Problem description: Your answer must consist only of the lines from the start of the entries through the line that holds "Москва. 6 октября.", copied exactly, with no pictures.

[Data shown — start]

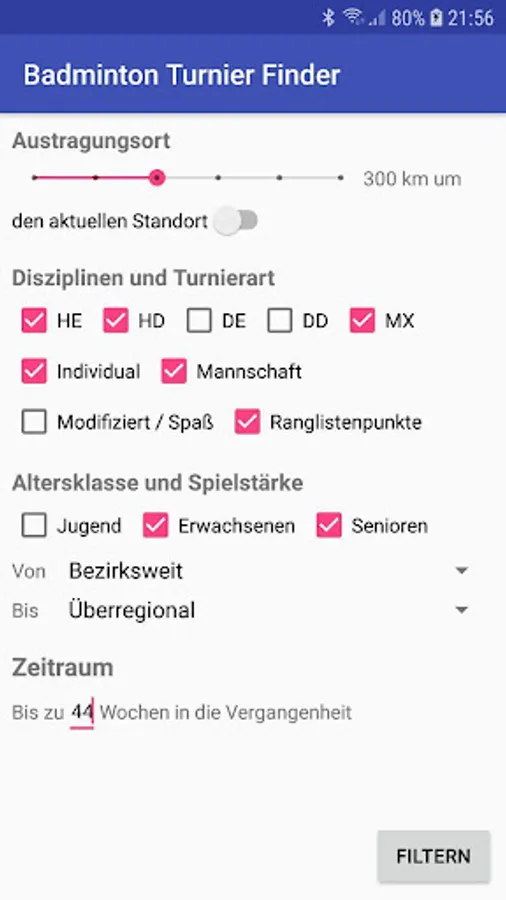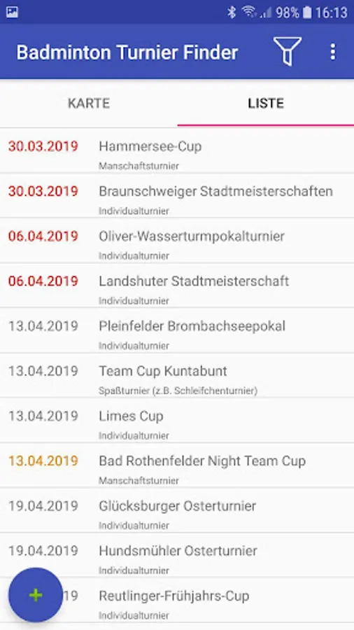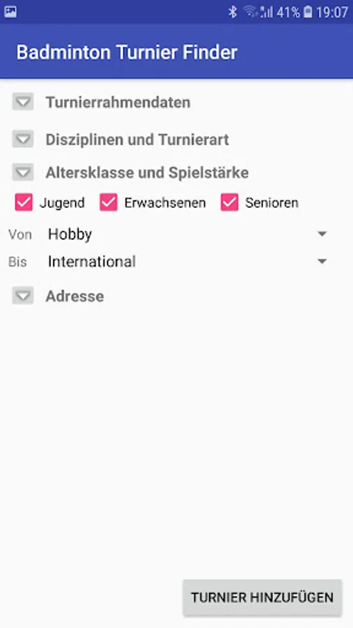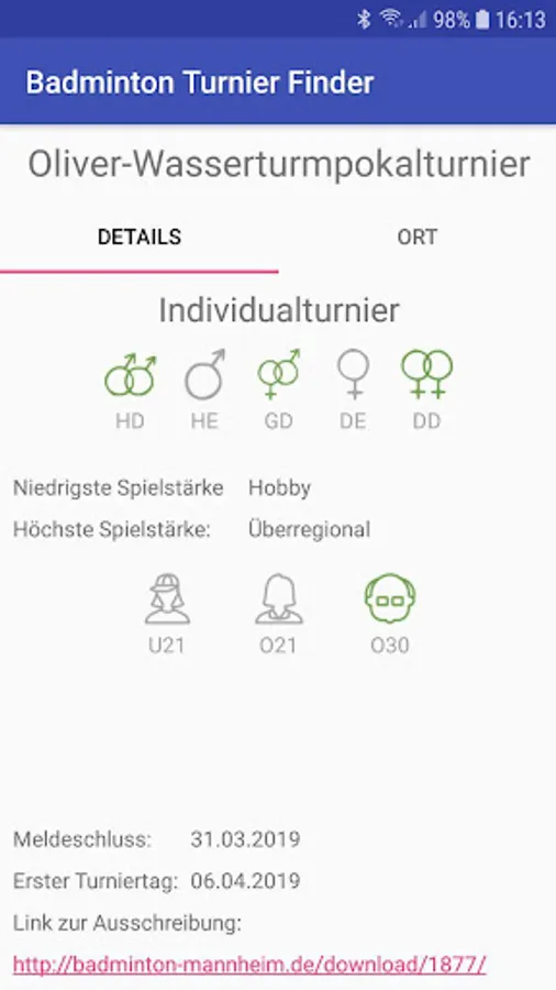 - Filter tournaments by distance, time, tournament type, age group, skill level, ...
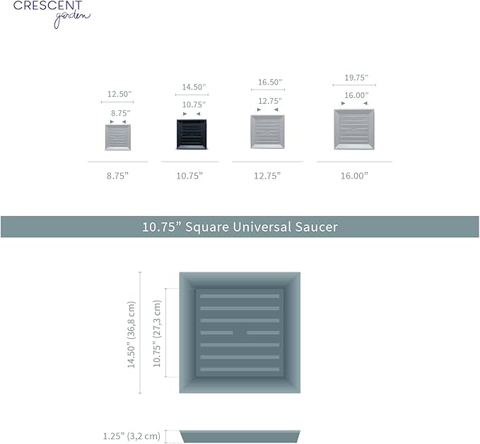 - UNIVERSAL: This shallow basin plate will add beauty and protection to a variety of planter styles. This size is ideal for planters with base size: 10.75” x 10.75”
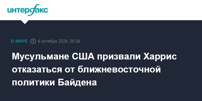 Москва. 6 октября. INTERFAX.RU - Лидеры мусульманской и арабской общин Америки на встрече в Мичигане с вице-президентом США и кандидатом на пост главы государства от демократов Камалой Харрис потребовали от нее отойти от той политики, которую в отношении Ближнего Востока проводит президент Джо Байден, сообщил CNN.
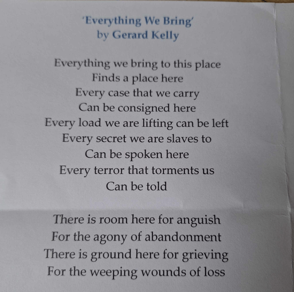 The priest who gave the thought at our Village Good Friday ‘stations of the cross’ read this poem today.
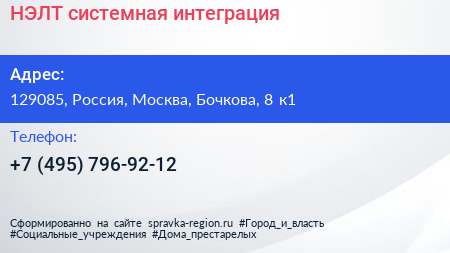 НЭЛТ системная интеграция по адресу 129085, Россия, Москва, Бочкова, 8 к1 в дальнейшем Организация, размещена в следующих категориях:
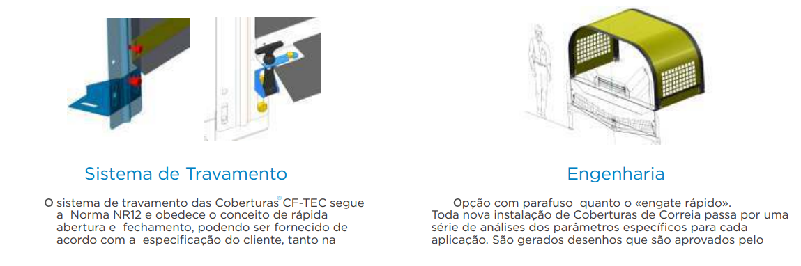 Cobertura de Correia Metálica NR12 é especialmente destinada àquelas aplicações onde há riscos de grandes impactos externos no material e transportador. Produzida em aço carbono sua espessura pode variar de acordo com as necessidades de cada cliente. Não há necessidade de retirá-la para efetuar a manutenção dos componentes do transportador pois é dimensionada para estar acima do ponto de manutenção, e assim permitindo o total acesso aos componentes com total facilidade. Segurança máxima para os funcionários e proteção extrema para os componentes do transportador de correia e material transportado.
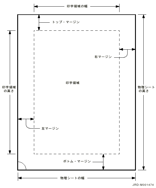 用紙マージンの値を指定するときは,常に上部マージン,下部マージン, 左マージン,右マージンの順に指定してください。 用紙マージンは,ページがポートレート(縦長)方向であるのか, ランドスケープ(横長)方向であるのかとは無関係です。 正の値の場合は,マージンはページの中心に向かって移動し, 負の値の場合は,マージンはページの中心から離れる方向に向かって移動します。
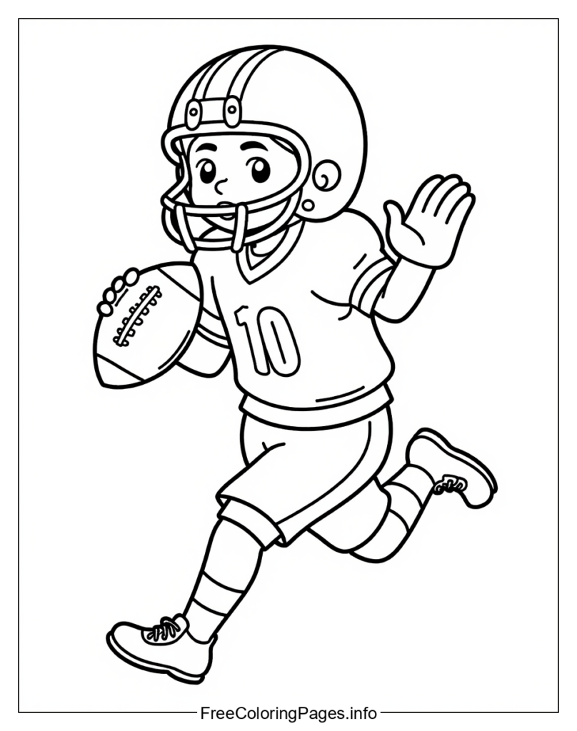 • Here are five football-themed coloring page ideas you can use to color the black and white football player:
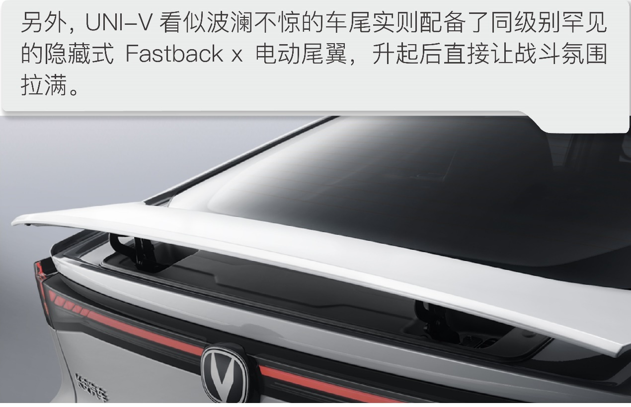 从低矮的车身姿态到动感的线条设计,从梦幻的内饰布局到丰富的智慧功能,从更强的扭矩表现到强化的弯道控制,还有运动座椅、隐藏式尾翼这样的惊喜细节,不到12万的UNI-V最大限度的诠释了何谓运动,何谓为年轻人打造的车。比起星瑞和艾瑞泽8在运动主题上的扭扭捏捏,我想没有哪个年轻人能拒绝更纯粹更真我的UNI-V。
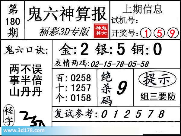 3d第17180期鬼六神算报为您推荐鬼六口诀:

[Data shown — finish]

Answer to the exercise:
 - Filter tournaments by distance, time, tournament type, age group, skill level, ...
 - UNIVERSAL: This shallow basin plate will add beauty and protection to a variety of planter styles. This size is ideal for planters with base size: 10.75” x 10.75”
 Москва. 6 октября. INTERFAX.RU - Лидеры мусульманской и арабской общин Америки на встрече в Мичигане с вице-президентом США и кандидатом на пост главы государства от демократов Камалой Харрис потребовали от нее отойти от той политики, которую в отношении Ближнего Востока проводит президент Джо Байден, сообщил CNN.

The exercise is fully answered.